In this exercise, print only the lines of the records below from the one with "입장권은 전석 5000원이며" through the one with "O brusquense recordista", inclusive. Pictures are not part of the copy.

[[ Available data, beginning ]]

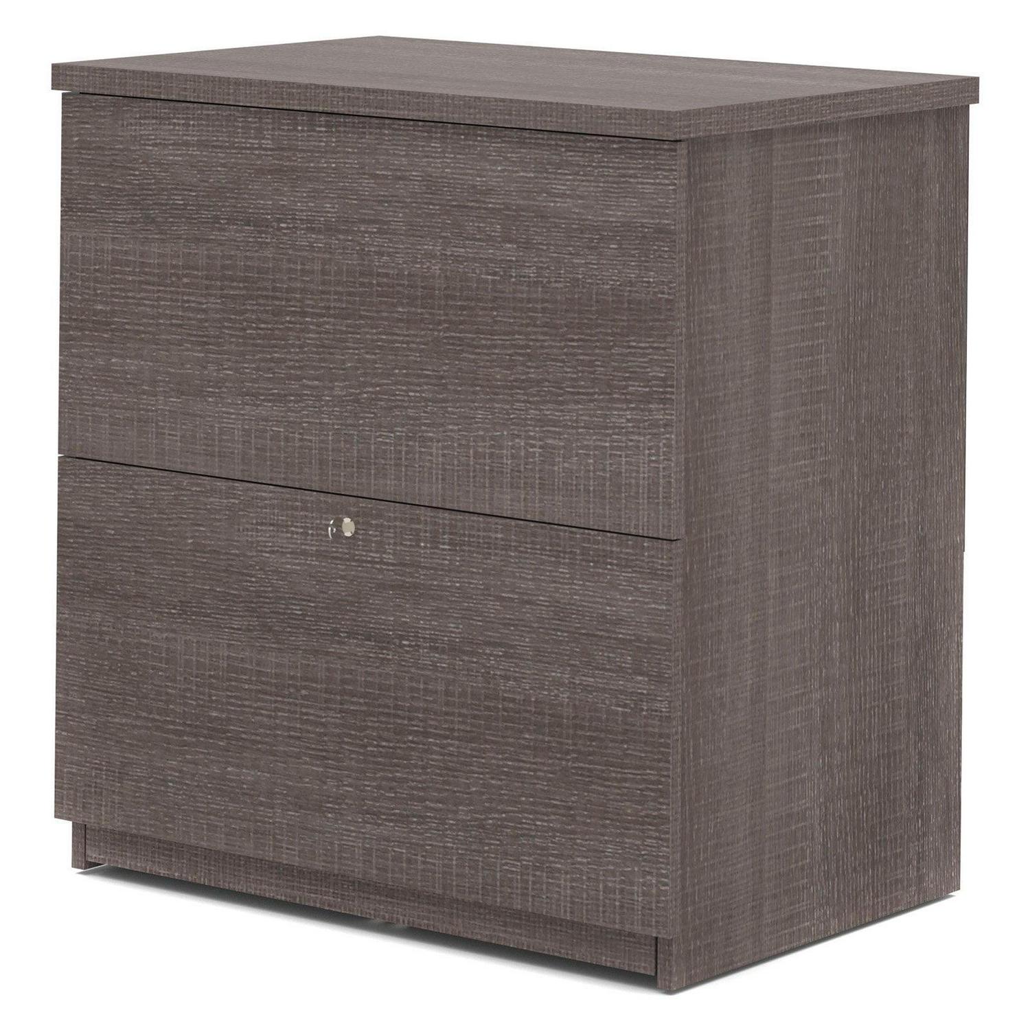 Bestar 2 Drawer Lateral Wood Lockable FileCabinet, Gray
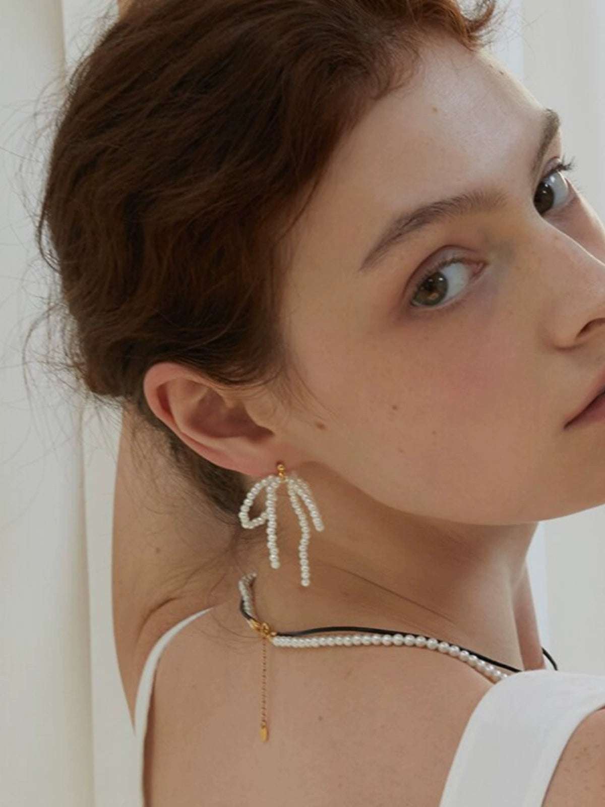 Pearl Ribbon Drop Earrings
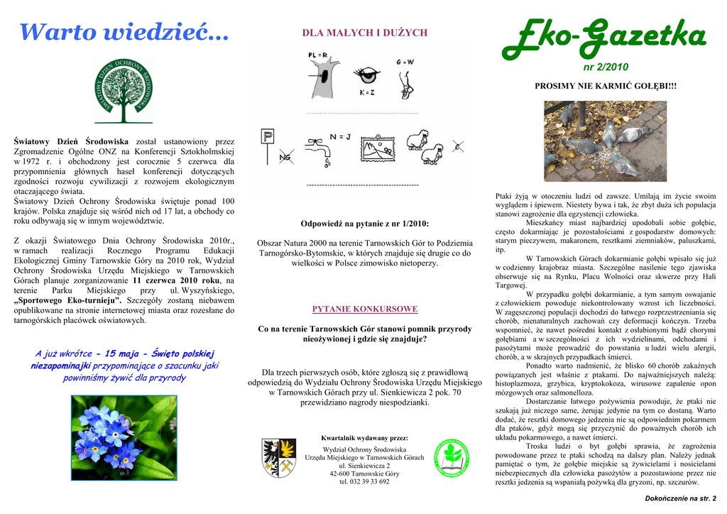 Warto wiedzieć… DLA MAŁYCH I DUśYCH Eko-Gazetka nr 2/2010 PROSIMY NIE KARMIĆ GOŁĘBI!!! Światowy Dzień Środowiska został ustanowiony przez Zgromadzenie Ogólne ONZ na Konferencji Sztokholmskiej w 1972 r. i obchodzony jest corocznie 5 czerwca dla przypomnienia głównych haseł konferencji dotyczących zgodności rozwoju cywilizacji z rozwojem ekologicznym otaczającego świata. Światowy Dzień Ochrony Środowiska świętuje ponad 100 krajów. Polska znajduje się wśród nich od 17 lat, a obchody co roku odbywają się w innym województwie. Z okazji Światowego Dnia Ochrony Środowiska 2010r., w ramach realizacji Rocznego Programu Edukacji Ekologicznej Gminy Tarnowskie Góry na 2010 rok, Wydział Ochrony Środowiska Urzędu Miejskiego w Tarnowskich Górach planuje zorganizowanie 11 czerwca 2010 roku, na terenie Parku Miejskiego przy ul. Wyszyńskiego, „Sportowego Eko-turnieju”. Szczegóły zostaną niebawem opublikowane na stronie internetowej miasta oraz rozesłane do tarnogórskich placówek oświatowych. Odpowiedź na pytanie z nr 1/2010: Obszar Natura 2000 na terenie Tarnowskich Gór to Podziemia Tarnogórsko-Bytomskie, w których znajduje się drugie co do wielkości w Polsce zimowisko nietoperzy. PYTANIE KONKURSOWE Co na terenie Tarnowskich Gór stanowi pomnik przyrody nieoŜywionej i gdzie się znajduje? A juŜ wkrótce - 15 maja - Święto polskiej niezapominajki przypominające o szacunku jaki powinniśmy Ŝywić dla przyrody Dla trzech pierwszych osób, które zgłoszą się z prawidłową odpowiedzią do Wydziału Ochrony Środowiska Urzędu Miejskiego w Tarnowskich Górach przy ul. Sienkiewicza 2 pok. 70 przewidziano nagrody niespodzianki. Kwartalnik wydawany przez: Wydział Ochrony Środowiska Urzędu Miejskiego w Tarnowskich Górach ul. Sienkiewicza 2 42-600 Tarnowskie Góry tel. 032 39 33 692 Ptaki Ŝyją w otoczeniu ludzi od zawsze. Umilają im Ŝycie swoim wyglądem i śpiewem. Niestety bywa i tak, Ŝe zbyt duŜa ich populacja stanowi zagroŜenie dla egzystencji człowieka. Mieszkańcy miast najbardziej upodobali sobie gołębie, często dokarmiając je pozostałościami z gospodarstw domowych: starym pieczywem, makaronem, resztkami ziemniaków, paluszkami, itp. W Tarnowskich Górach dokarmianie gołębi wpisało się juŜ w codzienny krajobraz miasta. Szczególne nasilenie tego zjawiska obserwuje się na Rynku, Placu Wolności oraz skwerze przy Hali Targowej. W przypadku gołębi dokarmianie, a tym samym oswajanie z człowiekiem powoduje niekontrolowany wzrost ich liczebności. W zagęszczonej populacji dochodzi do łatwego rozprzestrzeniania się chorób, nienaturalnych zachowań czy deformacji kończyn. Trzeba wspomnieć, Ŝe nawet pośredni kontakt z osłabionymi bądź chorymi gołębiami a w szczególności z ich wydzielinami, odchodami i pasoŜytami moŜe prowadzić do powstania u ludzi wielu alergii, chorób, a w skrajnych przypadkach śmierci. Ponadto warto nadmienić, Ŝe blisko 60 chorób zakaźnych powiązanych jest właśnie z ptakami. Do najwaŜniejszych naleŜą: histoplazmoza, grzybica, kryptokokoza, wirusowe zapalenie opon mózgowych oraz salmonelloza. Dostarczanie łatwego poŜywienia powoduje, Ŝe ptaki nie szukają juŜ niczego same, Ŝerując jedynie na tym co dostaną. Warto dodać, Ŝe resztki domowego jedzenia nie są odpowiednim pokarmem dla ptaków, gdyŜ mogą się przyczynić do powaŜnych chorób ich układu pokarmowego, a nawet śmierci. Troska ludzi o byt gołębi sprawia, Ŝe zagroŜenia powodowane przez te ptaki schodzą na dalszy plan. NaleŜy jednak pamiętać o tym, Ŝe gołębie miejskie są Ŝywicielami i nosicielami niebezpiecznych dla człowieka pasoŜytów a pozostawione przez nie resztki jedzenia są wspaniałą poŜywką dla gryzoni, np. szczurów. Dokończenie na str. 2 Dokończenie ze str. 1 PROSIMY NIE KARMIĆ GOŁĘBI!!! Kolejny aspekt tej sprawy dotyczy miejsc, w których występuje dokarmianie gołębi. Nie trzeba bowiem nikogo przekonywać, Ŝe zbyt duŜa liczba tych wszędobylskich ptaków, to obniŜenie estetyki, jak równieŜ powaŜne straty ekonomiczne, będące następstwem konieczności czyszczenia/odnawiania elewacji zarówno budynków uŜyteczności publicznej, jak i zabytków, czy obiektów sakralnych oraz oczyszczania miasta. Aktualnie stanowi to powaŜny problem wielu miast. O ile w stosunku do ptaków nie moŜna wyciągnąć Ŝadnych konsekwencji, to pod adresem ludzi moŜna kierować prośby i stosować kary. Rozrzucanie jakichkolwiek odpadów, w tym jedzenia, w miejscach publicznych jest zanieczyszczaniem środowiska a zatem stanowi łamanie przepisów porządkowych. Podstawą do podejmowania interwencji przez odpowiednie słuŜby jest kodeks wykroczeń, w myśl którego, zgodnie z art. 145 zakazuje się zaśmiecania i zanieczyszczania terenów publicznych pod karą nagany lub grzywny. Apelujemy zatem o rozwagę i powstrzymywanie się od dokarmiania gołębi, mając na uwadze najwaŜniejsze dobro, tzn. nasze zdrowie, a takŜe czysty wygląd naszego miasta oraz uchronienie tarnogórskich zabytków od zniszczenia. Laureaci konkursu na hasło/slogan reklamowy Programu Edukacji Ekologicznej Gminy Tarnowskie Góry Uczymy kochać świat! Zwycięzcą konkursu został: Marcin SEDLACZEK z VI klasy Szkoły Podstawowej nr 3. ZBIÓRKA ODPADÓW KOMUNALNYCH NIEBEZPIECZNYCH Lokalizacja punktu w dzielnicy Lasowice plac przy ul. Siewierskiej Sowice skwer przy ul. 22 stycznia, obok KrzyŜa Bobrowniki Śl. – Piekary Rudne skwer przy ul. Głównej, obok Poczty Osada Jana parking u zbiegu Al. Kwiatów i ul. Fiołków, obok przystanku autobusowego linii Nr 1 Strzybnica parking przy ul. Strzybnickiej, pomiędzy śłobkiem a Pocztą Pniowiec skwer u zbiegu ul. OkręŜnej i ul. Jagodowej Stare Tarnowice u zbiegu ul. Niedziałkowskiego i ul. Repeckiej Repty Śląskie parking przy ul. Witosa 61, obok Ośrodka Zdrowia Opatowice plac przy ul. Pastuszki, obok Świetlicy Rybna na terenie Zespołu Szkolno – Przedszkoln
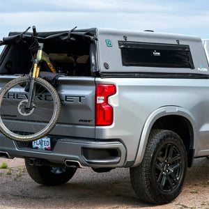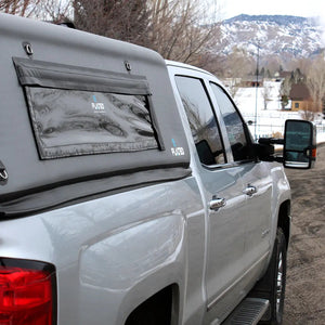 The FLATED® Air-Topper® comes with 2 side tinted windows, 2 side screens, 1 rear tinted window, and 1 clear pass through front cab window. All are removable with a military grade hook and loop closure system and the rear window can be accessed through the YKK zippers.
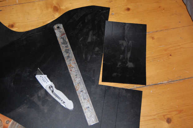 Usando un cuchillo y una regla cortar un pequeño rectángulo de algunas láminas de plástico fino y había encrespado por el interior.
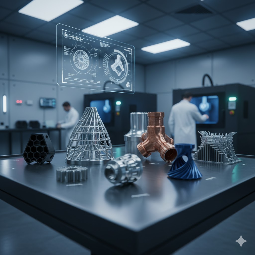 - Complejidad geométrica y optimización de diseño: La fabricación aditiva elimina las restricciones de diseño de los métodos tradicionales (substractivos). Esto permite a los ingenieros crear geometrías orgánicas, canales internos complejos para refrigeración o flujo de fluidos, y estructuras consolidadas que integran múltiples piezas en una sola, reduciendo ensamblajes y puntos de fallo. La optimización topológica, guiada por software, genera diseños que utilizan la mínima cantidad de material para la máxima resistencia.
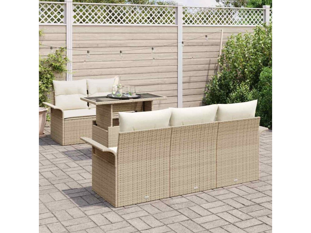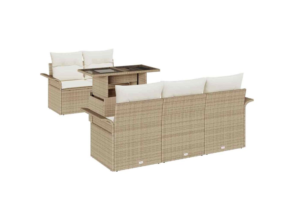 Sada zahradních pohovek s polštářem 6 pcs Béžová Poly Ratan 3356934
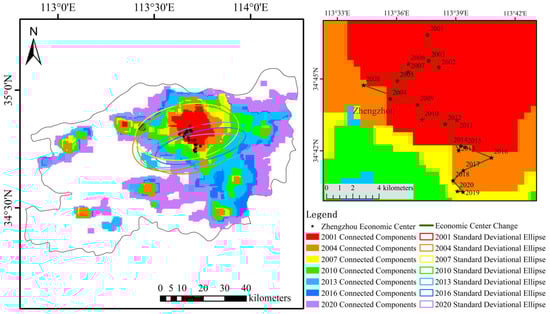 Figure 16a shows the weighted standard deviation ellipses obtained using the GDP spatializing data for the first level of the connected components in Zhengzhou, and Figure 16b shows the economic center changes and changes in the trends of the economic center in Zhengzhou. Table 2 shows the parameter information of the economic center in Zhengzhou from 2001 to 2020. From Table 3, it can be seen that the overall economic center of Zhengzhou was relatively stable between 2001 and 2020, the economic center longitude changed from 113°33′E to 113°40′E, and the latitude changed from 34°39′N to 34°46′N. The economic development trend of Zhengzhou was roughly the same as the overall development trend of Henan Province. Between 2001 and 2020, the overall change trend of the economic center of Henan Province and Zhengzhou was to change toward the southeast. Among the 19 annual economic center shifts, the economic center moved to the southeast 9 times, the northwest 2 times, the southwest 5 times, and the northeast 3 times. Compared to the “back and forth” change trends in Henan Province, the Zhengzhou trend was more intuitive and obvious. In the past 20 years, the economic center of Zhengzhou has moved southward 14 times, and the direction of change of the economic center has shifted to the southeast 9 times. This has much to do with the topography and development of Zhengzhou. To the north of Zhengzhou is the Yellow River Rift Valley, which is not navigable and has no economic value. The western side of Zhengzhou is mountainous and hilly, and the cost of development is too high. Luoyang is 140 km away from Zhengzhou, making it difficult to form a linkage development. Southeastern Zhengzhou is flat and suitable for large-scale urban development and construction, thus creating a situation in which Zhengzhou continues to develop in a southeastern direction.
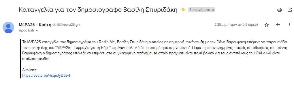 Ολόκληρη η επιστολή της ΕΦΣΥΝ για την καταγγελία σε βάρος του ανταποκριτή της στην Κρήτη:
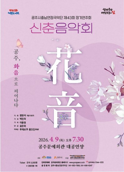 입장권은 전석 5000원이며 공주시문예회관 누리집과 NOL인터파크 누리집에서 예매할 수 있다.
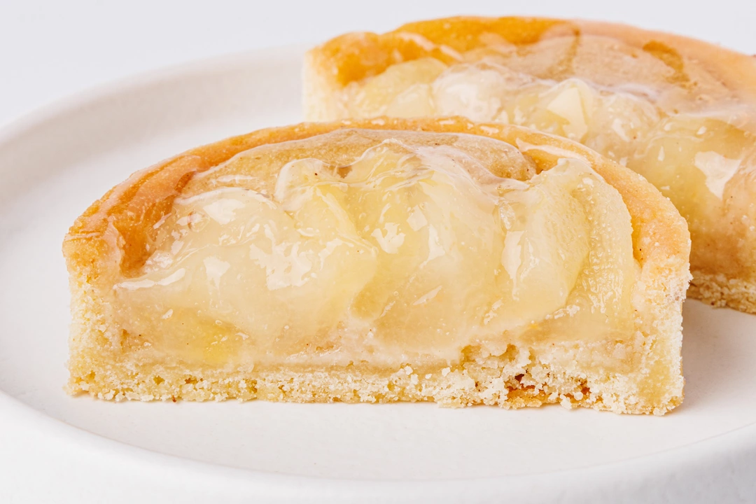 Тарт с мягкой миндальной начинкой и дольками груши. Песочная основа сочетается с франжипаном на сливочном масле и миндальной муке.
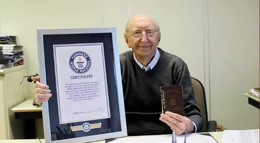 O brusquense recordista por tempo trabalhado, Walter Orthmann, bateu o próprio recorde em janeiro: aos 100 anos, ele completou 85 trabalhando na empresa RenauxView, de Brusque, Vale do Itajaí.
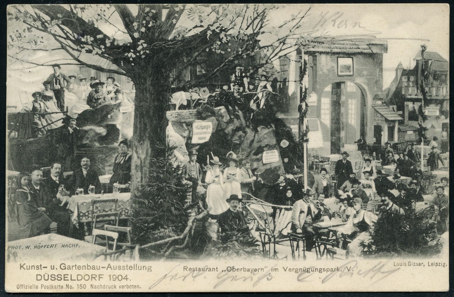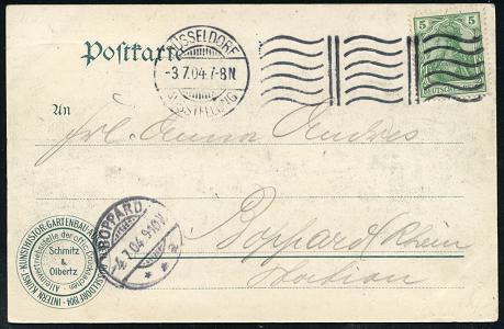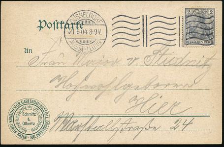6263 | 25 € | 4000 Düsseldorf Maschinen- u. Serienstempel : DÜSSELDORF/ AUSSTELLUNG 1904 (3.7.) Sonder-MaWellenSt. = Bickerdike klar auf EF 5 Pf. Germania, s/w.Foto-Sonder-Kt.: Kunst- u. Gartenbau-Ausstellung (Restaurant "Oberbayern") Bedarfs-Fern-Kt. n. Boppard, vs. AS. (Miller BW-9 / Nr.79) | ![]() ![]() | |
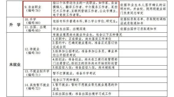 如果是自由职业,例如以个体劳动为主的一些职业,比如自由撰稿人、公众号博主、电子竞技工作者等等,需要依据毕业生本人签字确认的证明材料,并由院校两级就业部门负责同志审定。
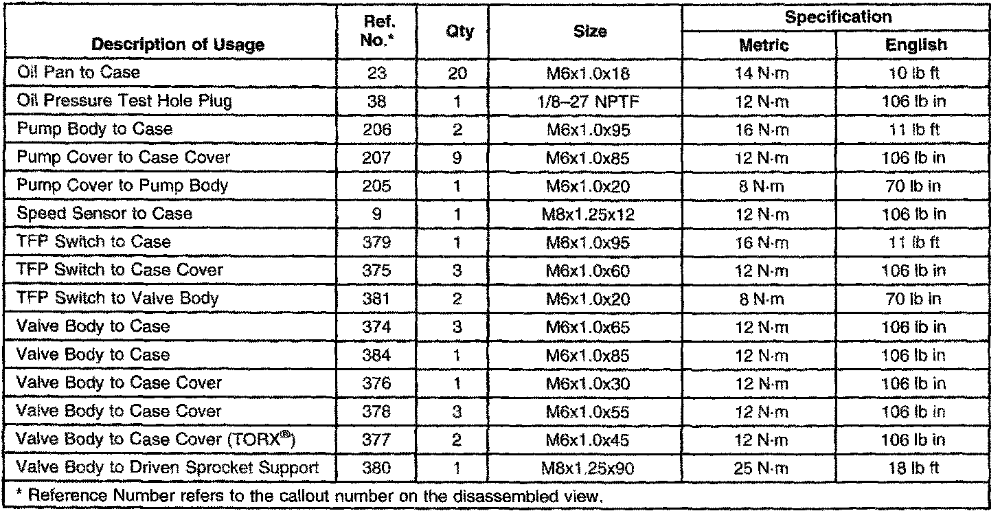 Fastener Tightening Specifications

[[ Available data, end ]]

§ Result of the exercise
 입장권은 전석 5000원이며 공주시문예회관 누리집과 NOL인터파크 누리집에서 예매할 수 있다.
 Тарт с мягкой миндальной начинкой и дольками груши. Песочная основа сочетается с франжипаном на сливочном масле и миндальной муке.
 O brusquense recordista por tempo trabalhado, Walter Orthmann, bateu o próprio recorde em janeiro: aos 100 anos, ele completou 85 trabalhando na empresa RenauxView, de Brusque, Vale do Itajaí.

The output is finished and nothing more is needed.